We realize distributor sales forces represent another challenge when it comes to supplying and tracking leads. Some distributors will share manufacturer- or supplier-generated lead results, but usually in the aggregate. Most will not give you the customer’s information or even specify which product they purchased. At best, you fly blind when attempting to manage a lead system with distributor Inside Sales Reps (ISRs) or Outside Sales Reps (OSRs), having to rely only on direct re-orders or anecdotal feedback.
“The leads are weak!” - Shelly Levene (Jack Lemmon)
“The leads are weak? You’re weak!” - Blake (Alec Baldwin)
Sometimes, the leads are weak! Sometimes, it is how they are worked, if at all. Weak salespeople tend to self-cancel, or you do them the favor. However, if you have taken care to target only those leads you desire for your sales team, issued them on a timely basis, carefully documented the date generated, their source and how they were worked, you really should be in possession of a set of high quality prospects worthy of follow through.
Tracking your Leads
Knowing your lead source, which salesperson worked it, and what that lead purchased – if anything – is some of the most basic information you will want to track to gauge performance of your program. From a lead data standpoint, you may want to record the following:
Date: Recency is very important as leads should be worked at the soonest possible opportunity; while they are interested and will recall seeing your marketing messages.

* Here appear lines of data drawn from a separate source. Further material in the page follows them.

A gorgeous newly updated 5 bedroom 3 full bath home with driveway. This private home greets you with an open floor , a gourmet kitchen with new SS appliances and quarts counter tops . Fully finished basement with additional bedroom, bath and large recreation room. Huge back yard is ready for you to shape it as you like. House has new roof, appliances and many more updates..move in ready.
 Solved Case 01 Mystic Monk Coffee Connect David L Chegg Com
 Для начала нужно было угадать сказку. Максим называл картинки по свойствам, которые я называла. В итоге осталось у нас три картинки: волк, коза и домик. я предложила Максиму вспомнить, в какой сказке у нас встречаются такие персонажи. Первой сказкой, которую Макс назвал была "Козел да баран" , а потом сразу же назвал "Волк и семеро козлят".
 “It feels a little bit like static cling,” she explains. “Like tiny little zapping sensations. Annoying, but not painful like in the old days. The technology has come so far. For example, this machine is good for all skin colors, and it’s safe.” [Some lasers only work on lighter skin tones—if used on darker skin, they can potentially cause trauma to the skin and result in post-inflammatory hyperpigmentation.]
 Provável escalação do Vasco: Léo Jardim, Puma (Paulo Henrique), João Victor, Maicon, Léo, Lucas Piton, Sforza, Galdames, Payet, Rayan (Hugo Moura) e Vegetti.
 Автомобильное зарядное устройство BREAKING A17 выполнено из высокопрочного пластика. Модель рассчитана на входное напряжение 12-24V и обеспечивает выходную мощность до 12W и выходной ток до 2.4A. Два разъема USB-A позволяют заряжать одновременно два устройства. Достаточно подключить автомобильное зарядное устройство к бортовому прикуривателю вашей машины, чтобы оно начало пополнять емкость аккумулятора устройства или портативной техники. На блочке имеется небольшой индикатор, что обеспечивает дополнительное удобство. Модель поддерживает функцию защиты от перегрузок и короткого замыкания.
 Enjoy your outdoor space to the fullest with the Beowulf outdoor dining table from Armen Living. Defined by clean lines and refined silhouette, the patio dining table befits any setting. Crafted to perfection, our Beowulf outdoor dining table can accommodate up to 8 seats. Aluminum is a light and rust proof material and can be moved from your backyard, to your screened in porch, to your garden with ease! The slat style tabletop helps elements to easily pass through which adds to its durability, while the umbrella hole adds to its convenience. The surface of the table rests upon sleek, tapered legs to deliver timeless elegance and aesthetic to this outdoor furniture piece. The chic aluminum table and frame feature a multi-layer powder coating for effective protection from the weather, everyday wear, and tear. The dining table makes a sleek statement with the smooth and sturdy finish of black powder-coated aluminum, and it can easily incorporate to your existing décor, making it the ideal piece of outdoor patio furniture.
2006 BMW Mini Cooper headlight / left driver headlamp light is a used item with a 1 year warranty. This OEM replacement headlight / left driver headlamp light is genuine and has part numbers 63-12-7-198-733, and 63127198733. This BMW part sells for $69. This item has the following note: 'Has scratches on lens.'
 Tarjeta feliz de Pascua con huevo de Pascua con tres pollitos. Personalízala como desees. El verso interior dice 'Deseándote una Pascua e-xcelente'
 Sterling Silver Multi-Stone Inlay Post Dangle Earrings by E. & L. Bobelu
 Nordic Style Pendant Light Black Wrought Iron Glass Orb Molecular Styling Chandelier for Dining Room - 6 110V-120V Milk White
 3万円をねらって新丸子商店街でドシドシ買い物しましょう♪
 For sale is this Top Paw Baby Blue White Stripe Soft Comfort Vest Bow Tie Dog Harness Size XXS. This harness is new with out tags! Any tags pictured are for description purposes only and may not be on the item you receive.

Lead source: Which advertising, PR, event-based or online resource was responsible for the prospect contacting you?
Format or lead type: Did they call the company, complete an online form or were they referred to you by a customer or other source?
Score: On a pre-determined scale, how likely is the lead to buy, or how well do they meet the qualifications for a prospective sale?
Distribution: To whom was the lead issued and at what date and time?
Action: When and how often was the lead contacted and what were the results of these actions?
Result: What did the prospect purchase and when? If they did not buy, will they remain an active lead or should they be filed for follow-up at a later date?
Your CRM
If you have not done so already, there are many good CRM software packages to choose from. Most offer user-defined or predetermined ways to track and record prospect information. Yes, Salesforce is one of the go-to integrated software solutions out there, though we have found it to be a bit clunky, as it is written to appeal to a very wide list of companies and applications. Whether you utilize a spreadsheet or a complex CRM software package, make sure you record information useful to your sales efforts.
Once you have collected data on a series of leads you will have a better understanding of the lead generation sources you need to use, the type of lead you should generate more often, which salesperson should work the lead(s) and how likely each of these leads will result in a sale. From this data, you can construct an updated prospect profile for future targeting efforts. You will also improve your lead generation efforts, increase closure rates and hit your higher company revenue goals.
“ABC. Always be Closing…” - Blake (Alec Baldwin)
Perhaps not a mantra to live or manage by, but one that does bear repeating: Successful sales programs are the result of strong sales teams that know how to establish trust, deliver information, transfer enthusiasm for their products and yes, know how to ask for the sale – all of which are made easier with well managed and qualified leads.
Your lead management program will also help get you through periods of low generation by providing a supplemental list of pre-worked leads who have not yet purchased your products, and ensure your sales force has a qualified list of prospects once business returns to normal.